Comment by anvuong

You are essentially correct, which is why stochastic gradient optimizers induce a low-sharpness bias. However, there is an awful lot more that complicates things. There are plenty of wide minima that it can get stuck in far away from where people typically initialise, so the initialisation scheme proves extremely important (but is mostly done for you).

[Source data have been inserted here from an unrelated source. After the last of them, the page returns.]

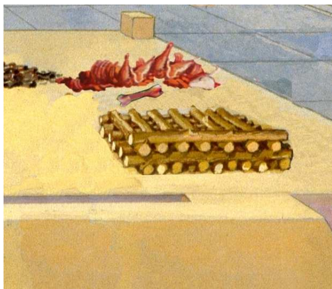
עצם שפירשה בראש המזבח לכיוון המערכה. רבי זירא מחדש שבמקרה זה אפילו רבי מודה שהעצם תוקטר. רש"י מפרש שהסוגיה בהמשך סותרת את הדעה הזו, אולם כמה מפרשים נקטו שזוהי מסקנת הסוגיה.

בשטמ"ק (אות י) מופיעה גרסה אחרת בדברי רש"י (שמה מהדורה אחרת של פירוש), לפיה המילים "ואפילו פירשו" אינן תמיחה, אלא ציטוט מדברי תנא קמא בברייתא האומר שעצמות שפירשו יוקטרו, ועל כך אומר רבה את חילוקו (בלא המילים "הכי קאמר") בין פרישה שקודם זריקה לבין פרישה שלאחריה. נמצא שאין לדבריו קשר לחילוקו של רבי זירא בדעת רבי. זוהי גם נוסחת תוס' (ד"ה לא שנו, כפי שמבאר הב"ח אות א), וכך נקטו מגדולי האחרונים, שכך מיושב יותר פשט הגמ' (ברכת הובח 12 ; פנים מאירות). גם בפירוש 'תוספות אחרות' (לאחד מבעלי התוס') על הספרא (ויקרא נדבה פרק וט) כתב בפשטות את החילוק בין פרישה כלפי מעלה או מטה, כלומר שאין בגמ' מחלוקת על כך.
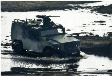
Eagle IV mit fernbedienter Waffenstation und 12,7 mm MG im Gelände.

Für die Ausschreibung «Land 121 Phase 4» in welchem die australischen Streitkräfte die aktuellen LAND ROVER durch leicht gepanzerte Fahrzeuge ersetzen will, haben es drei Anbieter in die engere Auswahl geschafft. Im Wettbewerb stehen Thales Australia mit dem HAWKEI, Force Protection
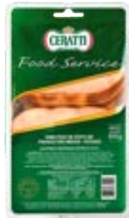
PEITO DE FRANGO DEFUMADO FAT CERATTI
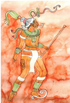
Wuqub' Junajpu ilustración YamaniK Pablo
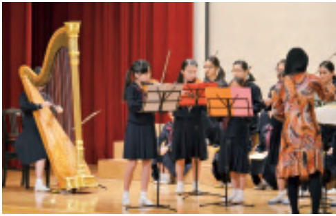
有志の子どもたちによるオーケストラ
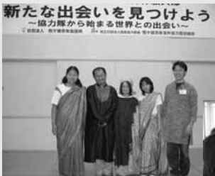
世界の民族衣装でハイポーズ！
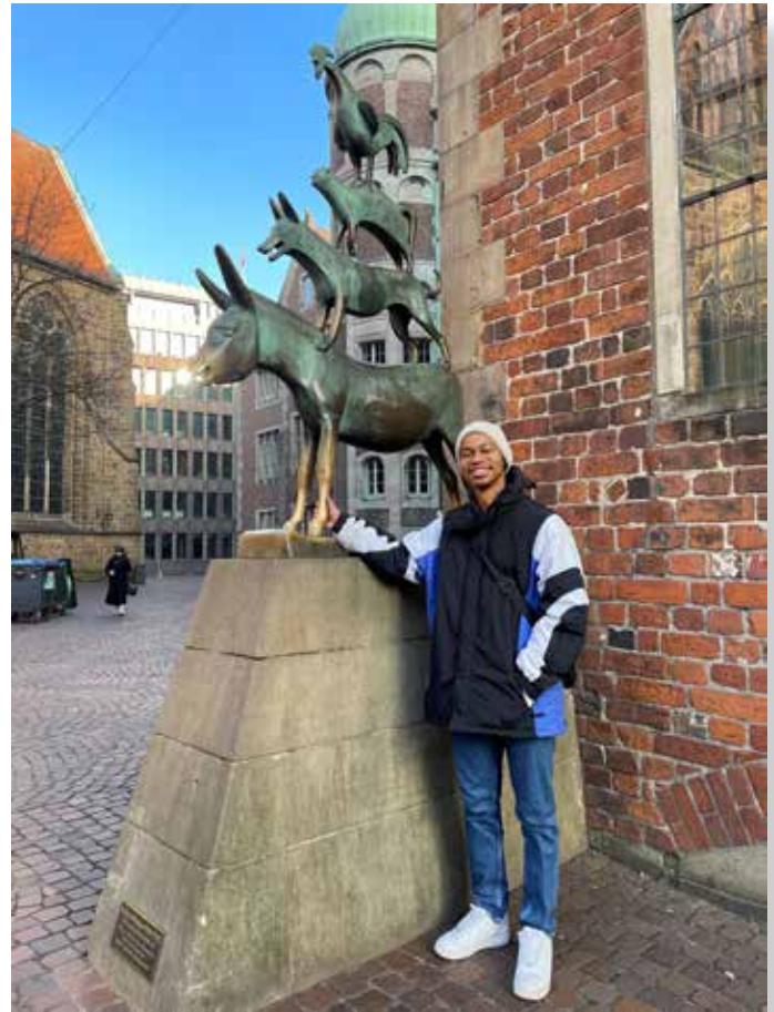
Ausflug nach Bremen.

Wenn du zurückblickst – würdest du die Entscheidung für den Freiwilligendienst wieder treffen?
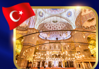
ชมความงามสุหร้าสีน้ำเงิน

OPTION JEEP SAFARI บับร็อยลุกคัปปาโดเก็ย
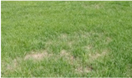
Dompage à la pelouse

Le ver blanc est en fait la larve du hanneton. Le ver se nourrit de racines de diverses plantes mais il affectionne particulièrement la pelouse. Sans ses racines le gazon meurt. Il y a alors apparition de plaques jaunes. Vu le dommage causé aux racines, la pelouse à cet endroit sera facile à arracher.
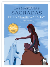
LAS MASCARAS SAGRADAS DE LA ISLA DE WAKAHAY DÍAZ SERRANO, JOSE
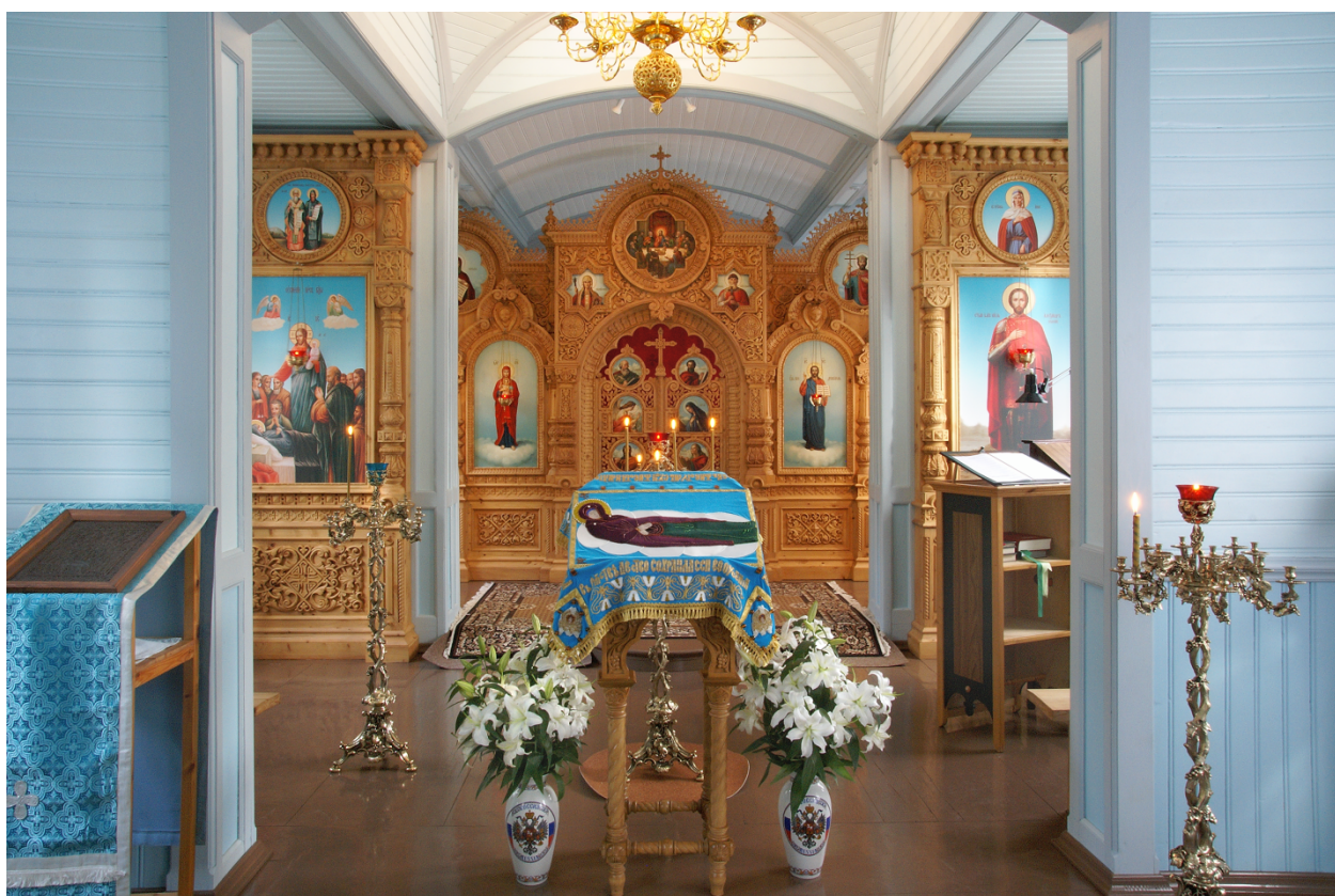
19. Церковь Успения пресв. Богородицы Гефсиманского скита. 1911. Интерьер.
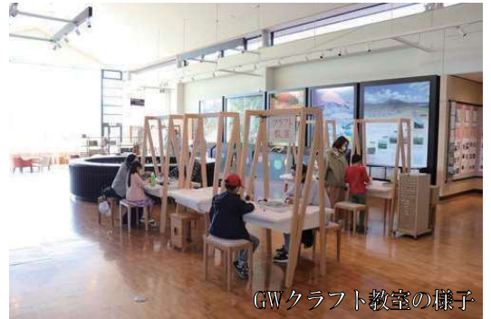
GWクラフト教室の様子
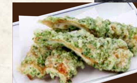
ちくわの磯辺揚げ
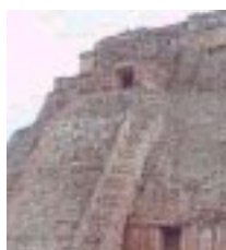
Templo Uxmal -México-

http://www.eso.org/outreach/press-rel/pr-2001/pr-02-01.html
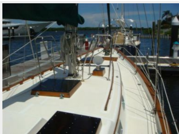
38' Cabo Rico foredeck
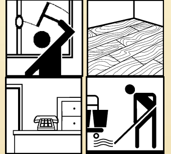
Çok Amaçlı Genel Temizlik
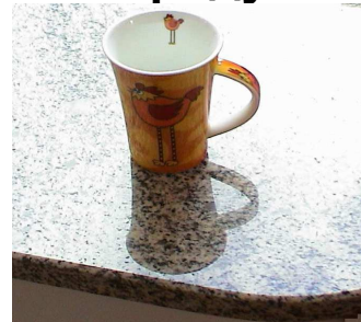
Фото. 3. Гранитная плита, импрегнированная «на блеск». Прекрасная охрана от загрязнения.

1-вылитая смола, 2-слой песка, через который проникла смола и качественно связала его, 3-песок с водой, которая была вытолкана проникающей смолой.
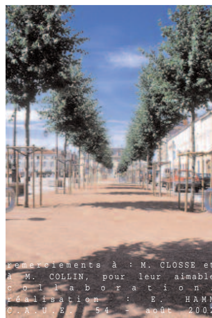
remerciements à : M. CLOSSE et à M. COLLIN, pour leur aimable collaboration. réalisation : E. HAMM C.A.U.E. 54 - août 2002
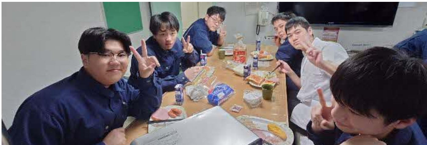
朝から実習生は元気いっぱい！！食事も予想を超える消費量です！！

学習もしっかりと着実に進めています！エンジニアコースは本日神海丸の燃料配管システムの勉強をしました。実際に神海丸の配管図を確認して、事前に相談をして、各系統確認を実施しました。この後実習生たちは各当直の時間に実際に現場にて配管調査を実施します。
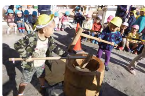
もちつき大会【区立保育園】

(エ)学童保育への有資格者の配置を現行通り2名配置すべき。 ②待機児童対策について(ア)問題ある保育事業者の実態を調査し改善を求めていくべき。(イ)都用地活用制度を活用し、区立認可保育園の増設を図るべき。
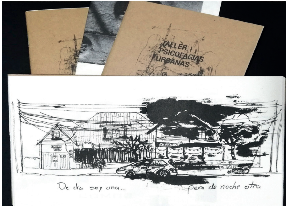
Imagen 9. Fanzine elaborado con los resultados de los participantes del taller “Psicofagias urbanas”, Centro Cultural de España, Barrio Escalante
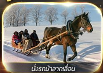
นั่งรถม้าลากเลื่อน

ฟรีนั่งรถม้าลากเลื่อน ชมโชว์ว่ายน้ำแข็ง แม่น้ำซงหว่าเจียง
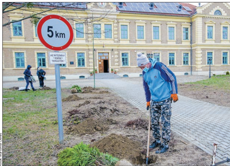
Gömbtujákat ültettek a régi oszloptuják helyett

A nemrég kivágott, negyedszázados oszloptujákkal sok gond volt. Nehezen lehetett rendben tartani a területet, már el is öregedtek, féltől, hogy hamarosan elpusztulnak. Ezért döntöttek úgy, hogy olyan fajtára cserélik, amely nem nő ilyen magasra, és látható marad mellette az épület szépsége is. Kertészmérnök javaslata alapján gömbtujákat vásároltak. Emellett szempont, hogy a park más funkciót is kapjon, tervezik a további fásítást – mert nemcsak a díszítés a lényeg, hanem hogy a klíma a meleg napokon elviselhetőbb legyen –, illetve kültéri bútorok elhelyezését, hogy otthonosabbá tegyék az iskola környezetét.
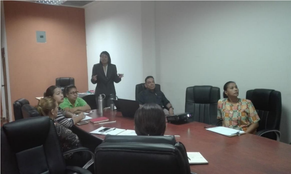
Ilustración 1 . Capacitación II Modulo Personal Idóneo y II Modulo Técnicas y Estrategias de Liderazgo
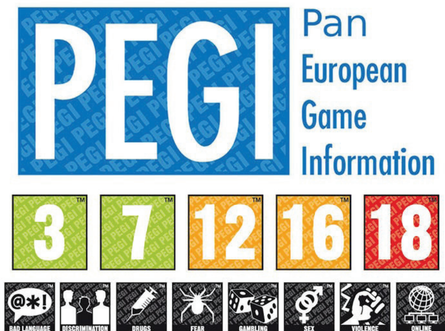
Slika 1. Način označavanja igrica po sistemu PEGI

Perhaps more important, just because it is easy to escape any local minimum does not mean that there is necessarily a trend towards a really good optimum, as it can just bounce between a bunch of really bad ones for a long time. This actually happens almost all the time if you try to design your entire architecture from scratch, e.g. highly connected networks. People who are new to the field sometimes don't seem to understand why SGD doesn't just always fix everything; this is why. You need very strong inductive biases in your architecture design to ensure that the loss (which is data-dependent so you cannot ascertain this property a priori) exhibits a global bowl-like shape (we often call this a 'funnel') to provide a general trajectory for the optimizer toward good solutions. Sometimes this only works for some optimizers and not others.

This is why architecture design is something of an art form, and explaining "why neural networks work so well" is a complex question involving a ton of parts, all of which contribute in meaningful ways. There are often plenty of counterexamples to any simpler explanation.

(‘Minimum’ is the singular of ‘minima’.)

>you'd need every single one of them, millions up millions of them, to be all zero

If they were all correlated with each other that does not seem far fetched.